Этой ночью небо было усыпано звездами, которых почти не было видно из-за электрического освещения и света полной луны, взошедшей над городом. На душе у Анджея было тревожно и неуютно. Лежа в кровати в одиночестве своей кельи, он зажег большую церковную свечу, чтобы не оставаться в темноте, из которой постоянно мерещилось мифическое существо с женской грудью, преследовавшее его весь день. Он укрылся с головой под одеяло и бесконечно молился. Наконец, уставший мозг сдался, и впал в очередной тяжелый кошмарный сон.
На этот раз действия происходили в больнице, скорее всего в каком-то старом роддоме, потому что там была палата с новорожденными детьми. Сам он находился в другой палате, для пациентов, в образе молодой женщины, которая недавно родила и готовилась к выписке. Палата была метров семьдесят – слишком большая и неуютная. Стены ее были облицованы белым кафелем, как в операционных. Вокруг ровными рядами стояло множество коек с панцирной сеткой, как в больницах двадцатого века, на которых спали другие роженицы. Кроме ровного дыхания спящих женщин, он отчетливо слышал посторонние звуки, доносящиеся из закрытой шахты лифта, примыкающей к одной из стен палаты. Звуки напоминали тяжелые вздохи, стоны и жуткие шорохи. Он приподнял голову, чтобы осмотреться. Ничего странного не обнаружив, снова лег. Пугающие звуки не стихали. Они стали отчетливее и громче. Он привстал, опершись на локоть, чтобы посмотреть, кто может издавать этот шум. Женщины спали спокойно и даже не шевелились. Его сковал страх. Он плотнее прижался к подушке, укрыв лицо одеялом до самого носа, и вскоре уснул, но вскоре проснулся снова от чувства сильнейшей ненависти к окружающему миру. Рядом, на соседней койке, проснулась его соседка по палате, которая с ужасом стала рассказывать о своем кошмаре.
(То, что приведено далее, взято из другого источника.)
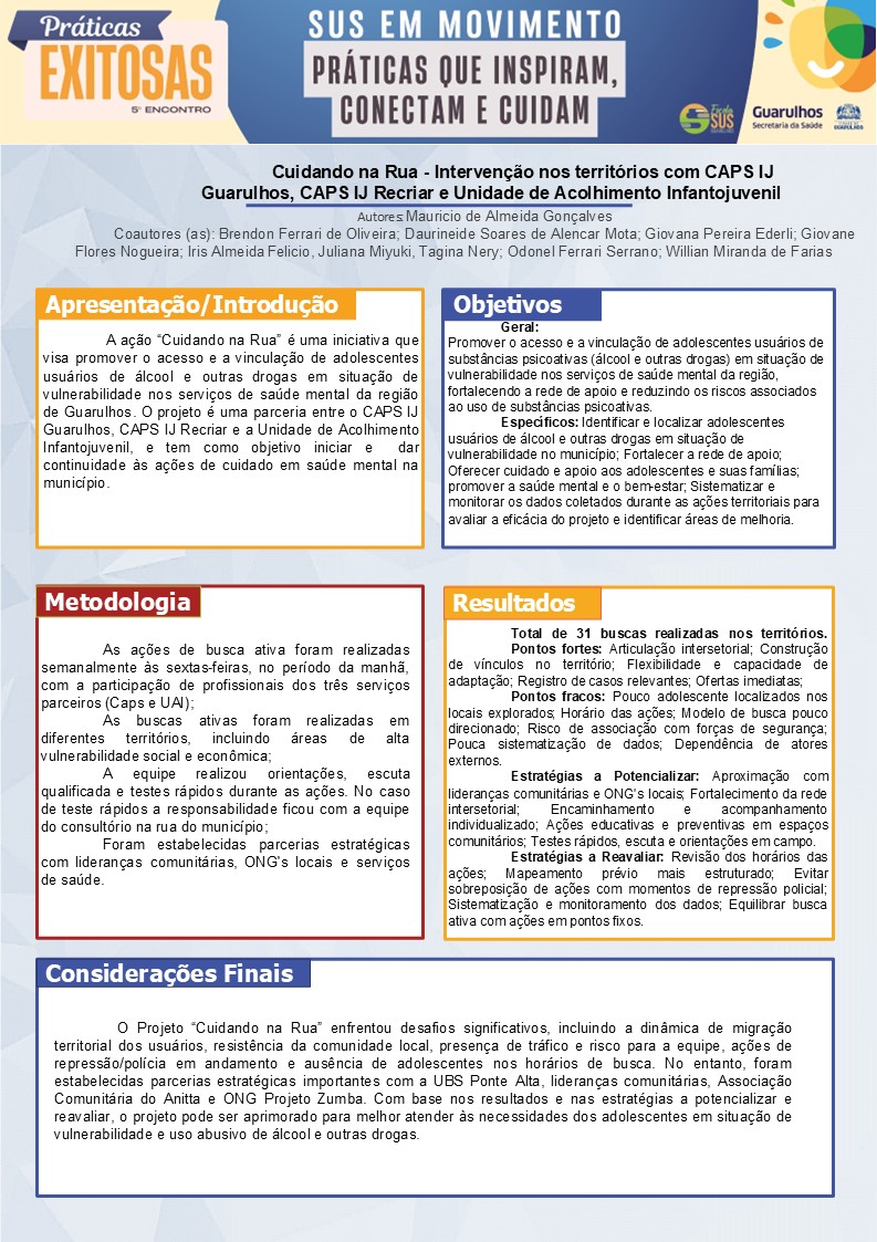 | Cuidando na Rua - Intervenção nos territórios com CAPS IJ Guarulhos, CAPS IJ Recriar e UAI | Mauricio de Almeida Gonçalves; Brendon Ferrari de Oliveira; Daurineide Soares de Alencar Mota; Giovanna Pereira Ederli; Giovane Flores Nogueira; Iris Almeida Felicio; Juliana Miyuki Tatsuguchi; Tagina Nery; Odonel Ferrari Serrano; Willian Miranda de Farias. | |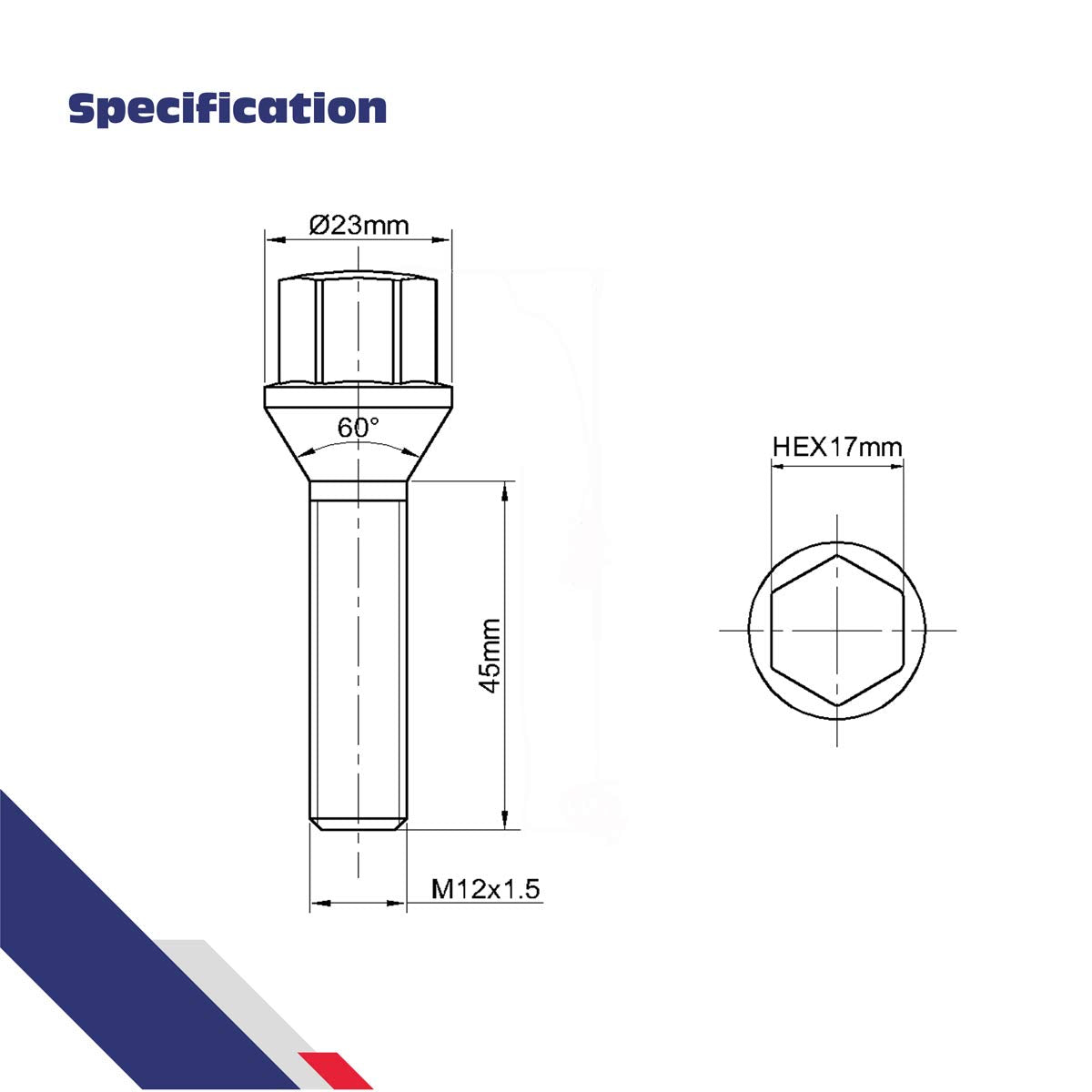 Q: What are the specifications of the 12x1.5mm Tuner Lug Bolts?A: The 12x1.5mm Tuner Lug Bolts feature a thread size of M12x1.5mm, a conical seat design, an overall length of 72mm, a shank length of 45mm, and a hex size of 17mm. They are available in a sleek black color.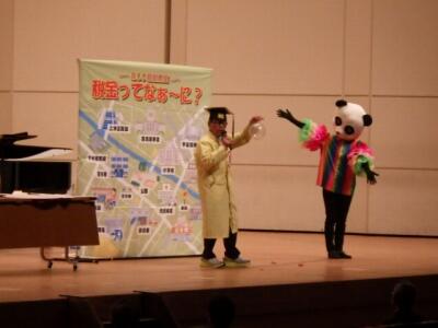 「租税教育と芸術文化鑑賞」と銘打って企画された取組であるため、演奏の後に税金ショーが始まりました。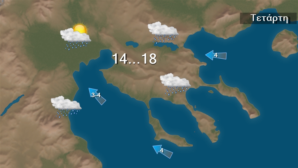 Σήμερα Τετάρτη Στα δυτικά, κεντρικά και βόρεια νεφώσεις με τοπικές βροχές και πιθανώς μεμονωμένες καταιγίδες με πρόσκαιρη βελτίωση στα κεντρικά και βόρεια από το απόγευμα. Στην υπόλοιπη χώρα κατά διαστήματα αυξημένες νεφώσεις με λίγες τοπικές βροχές και τις μεσημβρινές ώρες στα ηπειρωτικά ορεινά τοπικούς όμβρους. Οι μετεωρολογικές συνθήκες ευνοούν τη μεταφορά αφρικανικής σκόνης κυρίως στα νότια. Οι άνεμοι θα πνέουν βορειοανατολικοί 4 με 5 και τοπικά στο Αιγαίο και το νότιο Ιόνιο 6 μποφόρ. Η θερμοκρασία θα σημειώσει μικρή πτώση στα ανατολικά και θα φτάσει στα κεντρικά και τα βόρεια τους 18 με 19 βαθμούς και στην υπόλοιπη χώρα τους 20 με 22 βαθμούς Κελσίου.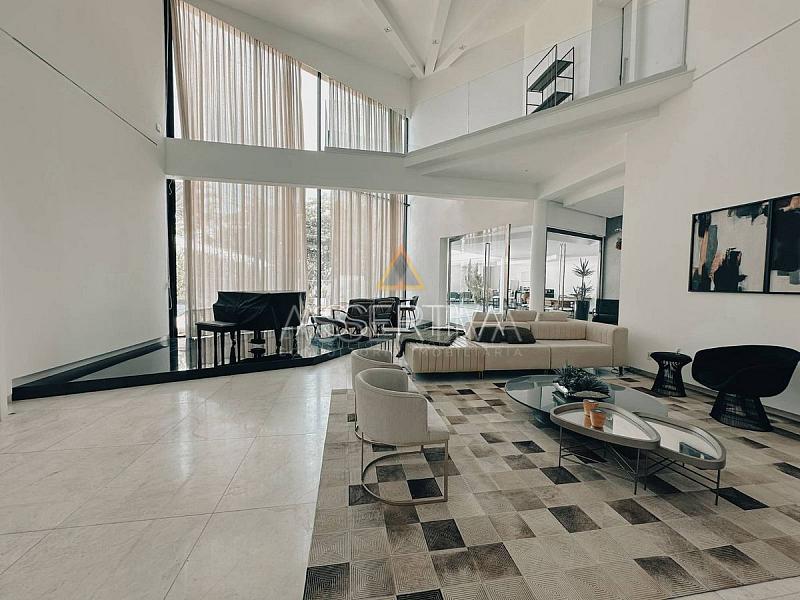•Sala com Pé Direito Duplo: Amplitude e sofisticação em um ambiente que combina elegância e iluminação natural.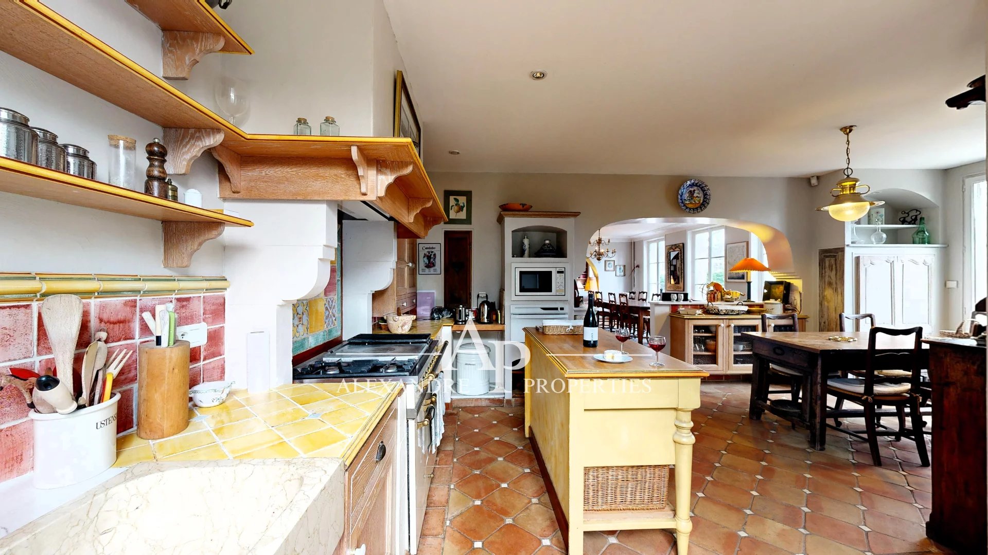 Au rez-de-chaussee. une vaste entree. un grand salon avec cheminee.une salle a manger. une cuisine dinatoire amenagee et equipee. un bureau/biblotheque.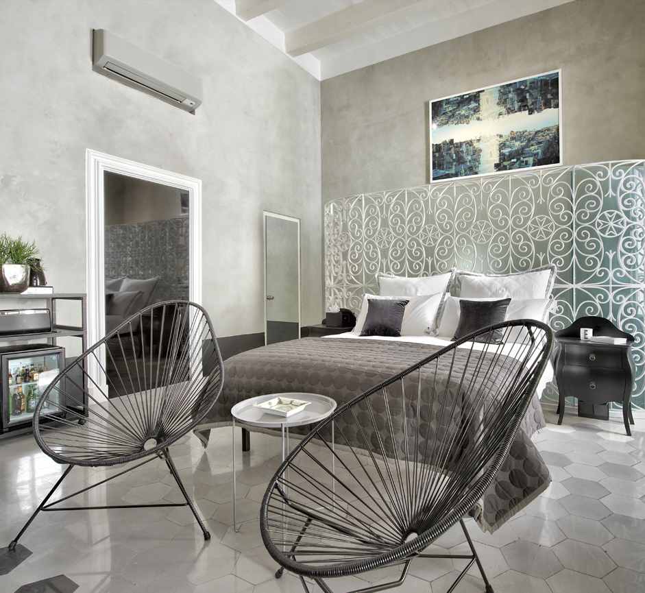 This room also benefits from a Hidrobox bath tub purposely placed in the traditional Maltese balcony, to take advantage of the exclusive view of the Carmelite Church’s architecture with its grand facade standing only five metres across. Moreover, great views of Valletta’s narrow Old Theatre street can be enjoyed from the tall window.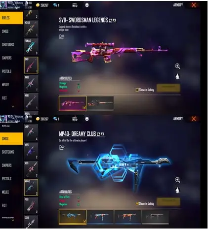 The abilities of these guns are the same. No matter whether you are using the skins with these guns to boost the power, these guns are amazing even without any skins. By using a single tap, you will be able to release the high damage with these guns which is enough to kill the enemy even in one shot.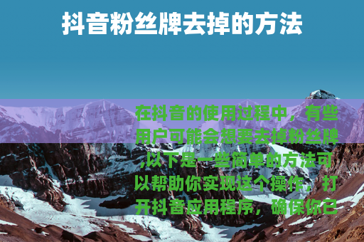 在抖音的使用过程中,有些用户可能会想要去掉粉丝牌,以下是一些简单的方法可以帮助你实现这个操作。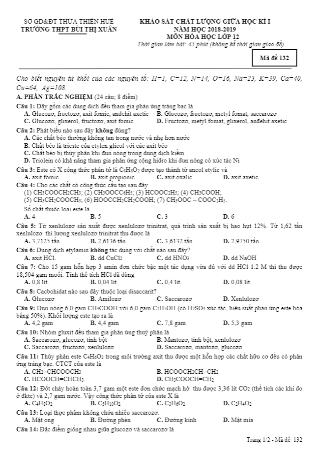 Đề kiểm tra giữa kỳ 1 Hóa học 12 năm 2018 – 2019 trường Quốc tế Á Châu – TP. HCM mã đề 132 gồm 2 phần thi, phần trắc nghiệm gồm 2 trang với 20 câu hỏi và bài tập, học sinh làm bài trong 25 phút, phần trắc nghiệm chiếm 50% tổng số điểm bài kiểm tra, phần tự luận gồm 1 trang với 5 câu hỏi và bài tập, học sinh làm bài trong 20 phút, phần tự luận chiếm 50% tổng số điểm bài kiểm tra, đề kiểm tra có đáp án và lời giải chi tiết.
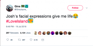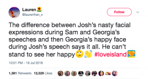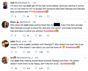 One viewer tweeted: “I’m 100% not here for Josh’s faces every time Georgia speaks or does something, you’ve moved on with Kaz, what is your issue ? #loveisland”.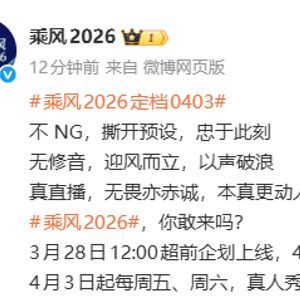 《乘风2026》定档4月3日开播,嘉宾阵容公开:王濛、萧蔷、范玮琪、李小冉等33人登台挑战,公演将采用“直播”模式
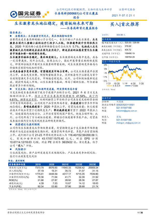 【国元证券】【20210721】长春高新首次覆盖报告:生长激素龙头地位稳定,疫苗板块未来可期-36页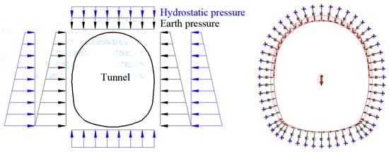 Table 8, in which the actual water pressure shall be reduced according to the working conditions. The surrounding rock load distribution and the calculation model are shown in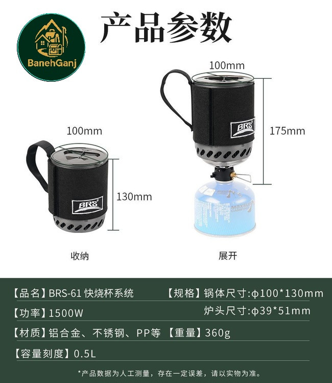 جت بویل BRS-61 با استفاده از آلیاژ آلومینیوم و فولاد ضد زنگ ساخته شده است که مقاومت بالایی در برابر شرایط سخت طبیعت دارد. این مواد به دستگاه کمک میکنند تا عمر طولانیتری داشته باشد و در برابر خوردگی و آسیبهای ناشی از استفاده مداوم در طبیعت، مقاوم باشد. همچنین قابلمه این دستگاه با قطر 100 میلیمتر و ارتفاع 130 میلیمتر، ظرفیت 500 میلیلیتر را ارائه میدهد که مناسب برای پخت غذا یا جوشاندن آب برای 1 تا 2 نفر است.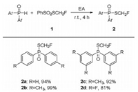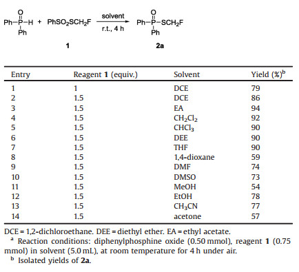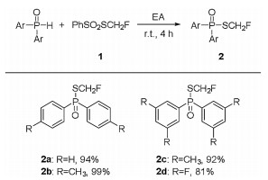 We firstly chose commercially available diphenylphosphine oxide and monofluoromethylthiolating reagent (PhSO2SCH2F) 1, which was developed by Shen and Lu [44], as the model substrates to optimize the reaction conditions (Table 1). The initial reaction condition was set at room temperature for 4 h. To our delight, the reaction occurred smoothly in 1, 2-dichloroethane without additives and afforded the corresponding monofluoromethylthiolated product 2a in 79% isolated yield (Table 1, entry 1). When the amount of PhSO2CH2F was increased to 1.5 equiv., the reaction gave full conversion of diphenylphosphine oxide and the yield of product was increased to 86% (Table 1, entry 2). Further solvent screening showed that the reaction could work in common organic solvents. The reaction in ethylacetate afforded the desired product in highest 94% yield (Table 1, entry 3). Other solvents such as dichloromethane, chloroform, diethyl ether, tetrahydrofuran were also very effective for this reaction, while more polar solvents such as 1, 4-dioxane, DMF, DMSO, CH3OH, C2H5OH, CH3CN and acetone gave the product in lower yield (Table 1, entries 4–14). With the optimal conditions in hand, we expanded the scope of substrates. As shown in Scheme 1, both electron-rich and electron-deficient diphenylphosphine oxides reacted smoothly to afford the corresponding products in good yields (2a-2d).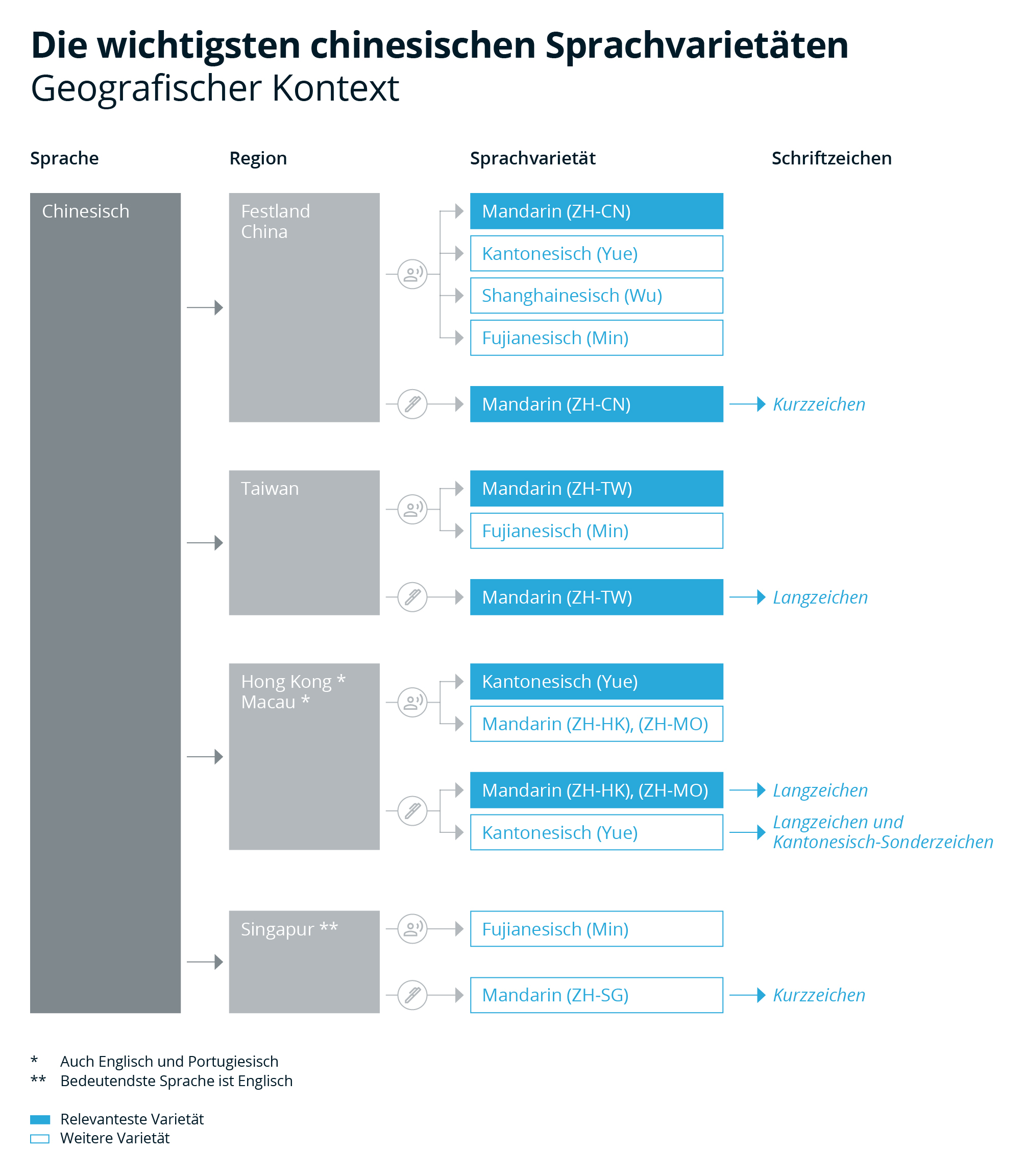* Es werden nur die fünf größten Regionen aufgeführt, in denen Chinesisch gesprochen und geschrieben wird, und nur die vier Sprachvarietäten mit den meisten Sprecher:innen: Mandarin (ca. 955 Mio.), Kantonesisch Yue (ca. 85 Mio.), Shanghainesisch Wu (ca. 80 Mio.), Fujianesisch Min (ca. 75 Mio.). Es gibt weitere Sprachregionen, z. B. in Südostasien. Sprach-Codes

— Мне снилось, что я такая злая! Тебя душу, кусаю, царапаю в кровь! Детей душу, царапаю и рву на части! О, Боже! Здесь плохое место! Давай переляжем головой в другую сторону! Может кошмар пройдет?
— Мне тоже снилось, что я злая! Мужа своего била, орала на него, как ненормальная, душила, царапала! Давай переляжем поскорей! — Ответил Анджей в образе незнакомки, в теле которой он себя ощущал. Они перелегли. Соседка быстро уснула, а он все не мог — как только закрывал уставшие глаза, снова накатывала волна злости, и мерещились различные чудовища и демоны. Они нападали на него, истязая душу. Периодически просыпаясь в холодном поту, он молился, но ничего не помогало. Он решил встать, и выйти в коридор, надеясь, что кошмары отступят. Там было тихо и пусто. Работало только дежурное освещение. Все спали, даже детей не было слышно, хотя среди новорожденных малышей обычно хоть кого-нибудь, обязательно капризничает. Он подошел к детской палате, и присел на корточки рядом с дверью, чтобы ненадолго расслабился, закрыв глаза. Вдруг его потревожил шум. Когда он открыл веки, был уже день. В коридорах ходили роженицы и медперсонал. Дверь открылась, и из детской палаты вышла толстая медсестра в белом халате. В руках она держала большой крюк для мясных туш, а на крюке у нее с грохотом волочилось мертвое окровавленное тело мужчины, без рук и без ног, что привело Анджея в невообразимый ужас.
— Что вы делаете? – Закричал он сдавленным срывающимся голосом, задыхаясь от возмущения, а она схватила мертвое обрубленное тело, и бросила Анджею прямо в лицо. В полете, оно, скорчило страшную гримасу, и заорало неистовым криком. У Анджея от ужаса перехватило дыхание, и от сильного нервного потрясения, он проснулся. Сердце его едва не выпрыгивало из груди, а мозг лихорадочно соображал, где он сейчас находится, и кто он на самом деле – мужчина или женщина. Перед глазами все еще стояло страшное отражение синюшного, скорчившегося в жуткой гримасе, лица изуродованного трупа. Рядом с кроватью на столе догорала церковная свеча, а за окном розовел рассвет.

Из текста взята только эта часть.